Court of Criminal Appeal:  Kourakis CJ, Peek and Blue JJ

  1. KOURAKIS CJ:  This is an application by the Director of Public Prosecutions (the Director) for permission to appeal against the sentence imposed on 21 May 2020 on the respondent, Mr Fresiello, on two counts of trafficking in methylamphetamine.  Mr Fresiello pleaded guilty to those offences and to offences of aggravated possessing a firearm without a licence, contravening the code of practice, possessing ammunition and possessing a sound moderator.  The Director does not seek permission to appeal against the sentencing imposed for the firearm offences.

  2. The first trafficking offence was committed on 4 September 2017.  On that day, police attended at Mr Fresiello’s Murray Bridge residence in response to a report that the resident of those premises was attempting to commit suicide.  They extricated Mr Fresiello from his car and conveyed him to hospital.  The police then returned to and searched his premises where they found a container containing 24 grams of crystal methylamphetamine, a set of electronic scales, numerous plastic resealable bags, two tick lists and a cattle prod.

  3. The second trafficking offence was committed on 27 March 2019 when Mr Fresiello was on bail for the first offence.  Police, acting on suspicion that Mr Fresiello was supplying persons seen to frequent his premises with methylamphetamine, again searched his residence.  They found a container containing 11.5 grams of crystal methylamphetamine.  They also found $9,520 in cash, electronic scales, a cone piece, resealable bags, cannabis, flick knives and a cattle prod.  An automatic machine gun, a loaded magazine, a silencer, and ammunition were discovered in the back yard.
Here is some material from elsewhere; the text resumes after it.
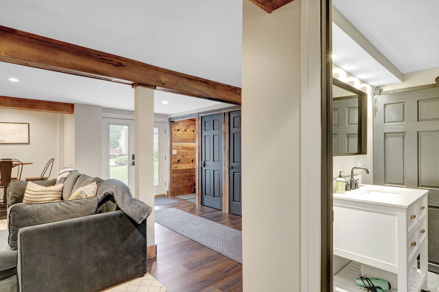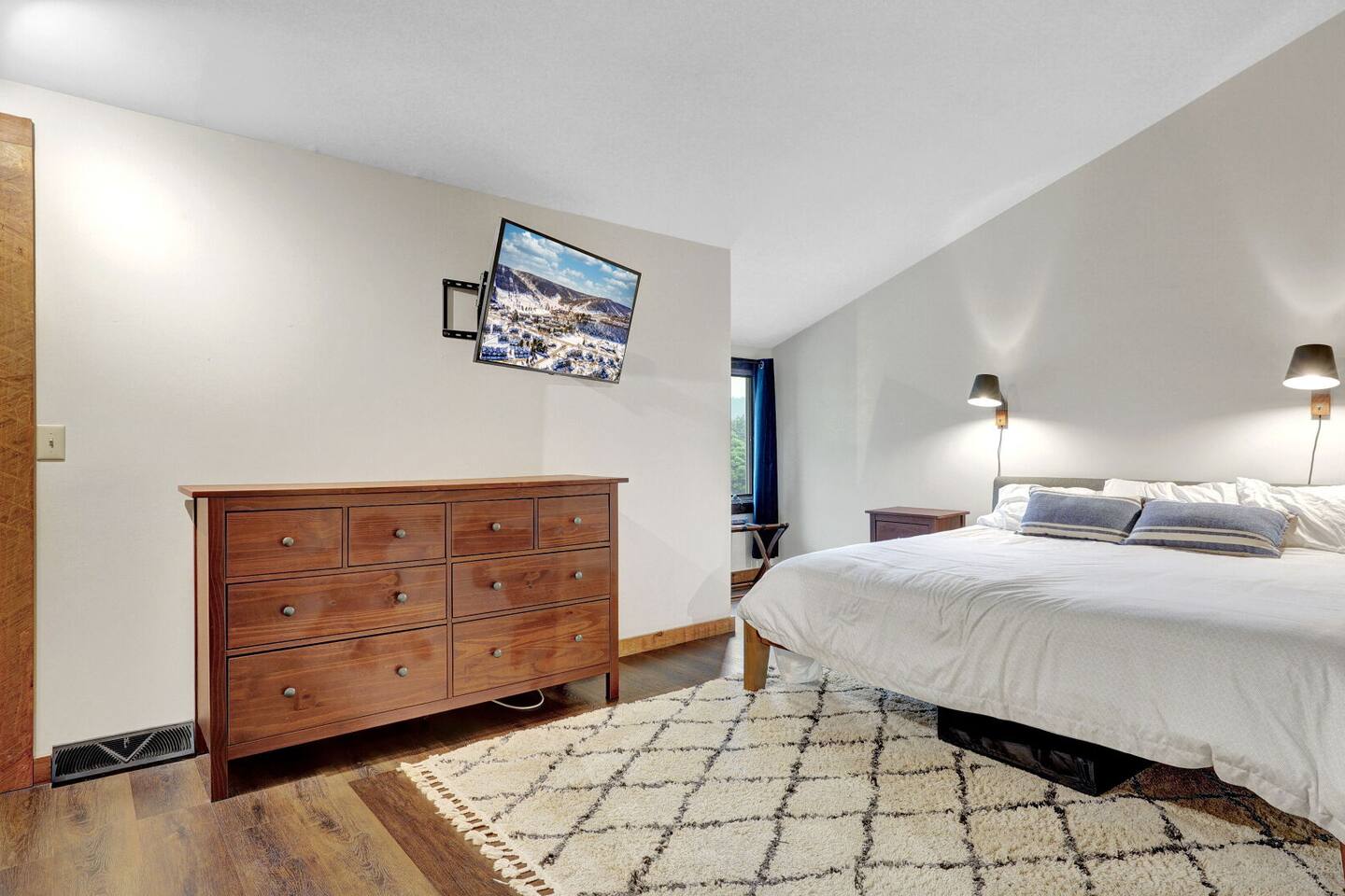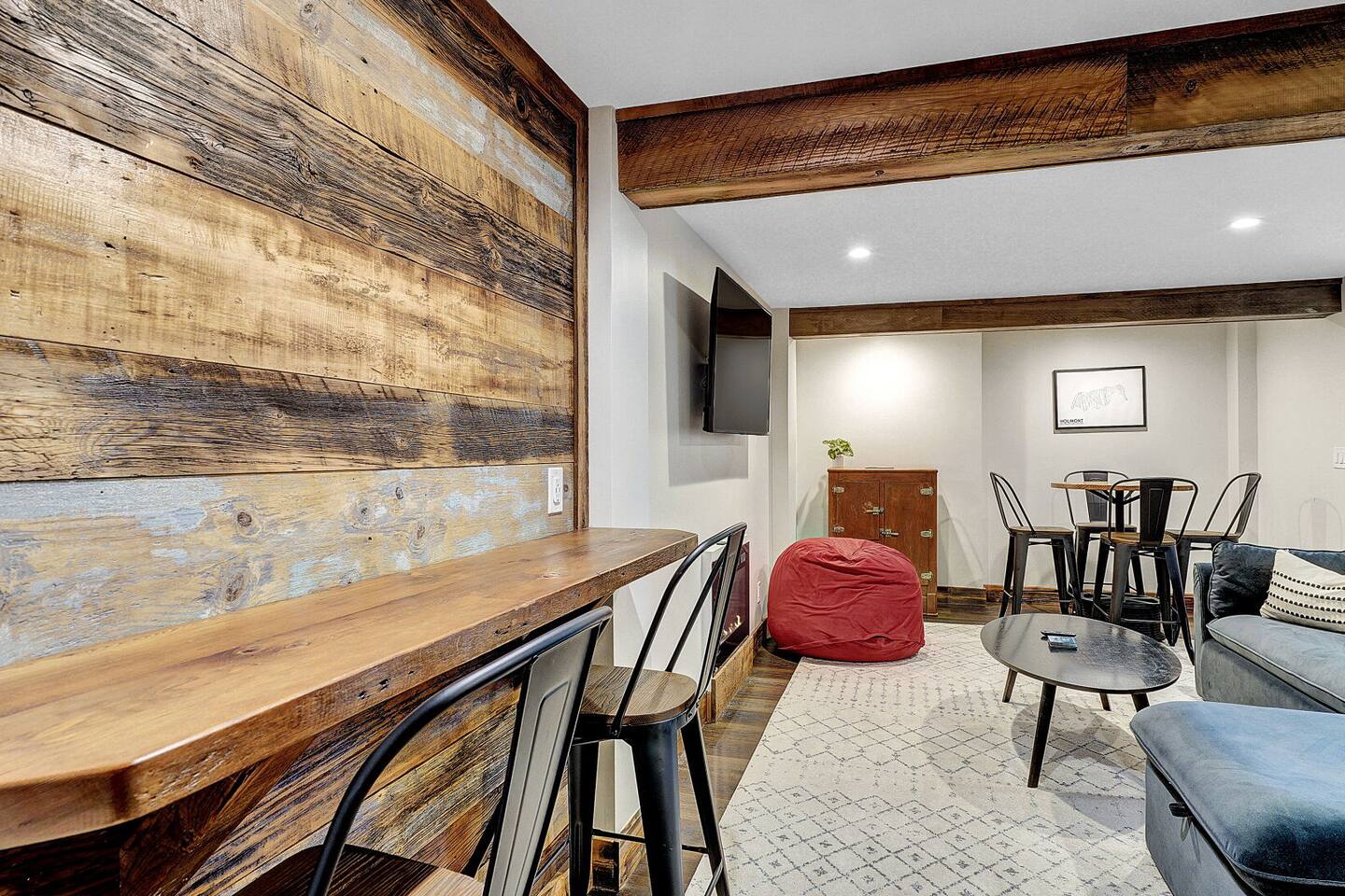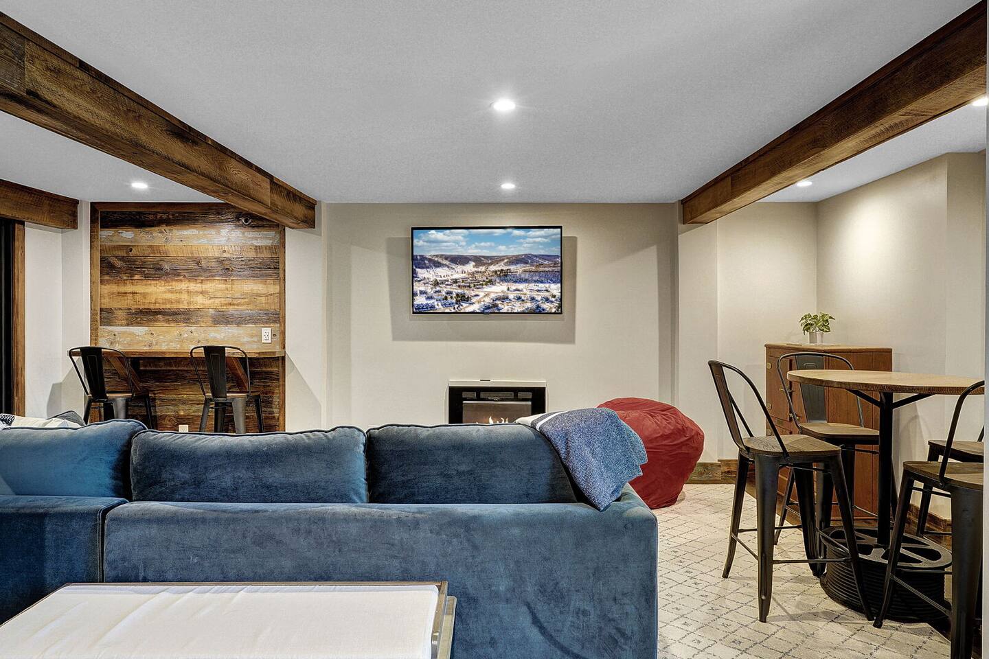 Renovated between 11/19-1/20 this home is one of the most modern units of the 64 at Fox Ridge. Currently there are two floors of updated space including a spacious living room with views of Holiday Valley that are only surpassed by those from the chair lifts! The galley kitchen is fully stocked with everything you need to cook meals for a crowd including a waffle maker for breakfast and a fondue set for apres ski. The wood treatment is from a local barn built circa 1840 and taken down by hand before being repurposed @ Valley View. The table top was custom made by a local craftsman and made of reclaimed White Oak along with the step to living room and loft. The loft railing was replaced with a support beam from the same barn. A variety of games, books and puzzles can be found in the media center and were curated to create engaging connections and create lifelong memories. When the day is done and everyone is exhausted the sleeping arrangements will be sure to please. The large master bedroom on the second floor enjoys plenty of soft natural light for a gentle morning wake up. You may not want to get out of the Thuma King Bed w/ Serta hybrid mattress and the softest sheets you’ve ever experienced. 42” smart TV recently installed! A large closet for extended stays and a handsome full bathroom is located in this room as well. A loft w/ a queen & armoire is located by walking through the master & overlooks living room. Don’t fret- the same Thuma/Serta combo is set up for a good nights rest here too. You’ll find a private bedroom off of the living room which has a triple bunk bed to sleep up to 5. The views from this bunk room are spectacular! The smart TV will have you binging on whatever your guilty pleasure is if the weather just isn’t cooperating. All the apps at your are fingertips including Disney+, Netflix, Showtime, Prime, HBO & Spectrum cable. But hey- get out and explore the Aspen of the East! Whether it’s a hike, a hamburger, a massage or a movie- our in house guide will ensure your experience in EVL is the best it can be! By the way, with a brand new high efficiency furnace and central air conditioning you'll be comfortable in a blizzard or a heat wave. The tank-less water heater will provide an endless supply of hot water so everybody can hit the shower then the town so fresh and so clean. Full basement with walk out doors and another beautiful view perfect for larger groups looking to have more space and more to do while inside. 55” smart TV and electronic dart board will provide hours of entertainment for adults and kids alike. The basement can sleep four with a full size memory foam sleeper sofa and full size Murphy Bed. There is a brand new full bathroom,Ski Locker with boot/glove dryer and large laundry room. Plenty of room to spread out in style and comfort around the electric fireplace.

  4. The police seized Mr Fresiello’s mobile phone.  On it they found messages consistent with him dealing in drugs.  They also found a photograph, date stamped 25 March 2019, of a large amount of crystal methylamphetamine, and a set of electronic scales which indicated that it weighed over one kilogram.

  5. A search of Mr Fresiello’s back yard on 28 March 2019 located 870.1 grams of a compound comprising 536 grams of pure methylamphetamine (the second trafficking offence). 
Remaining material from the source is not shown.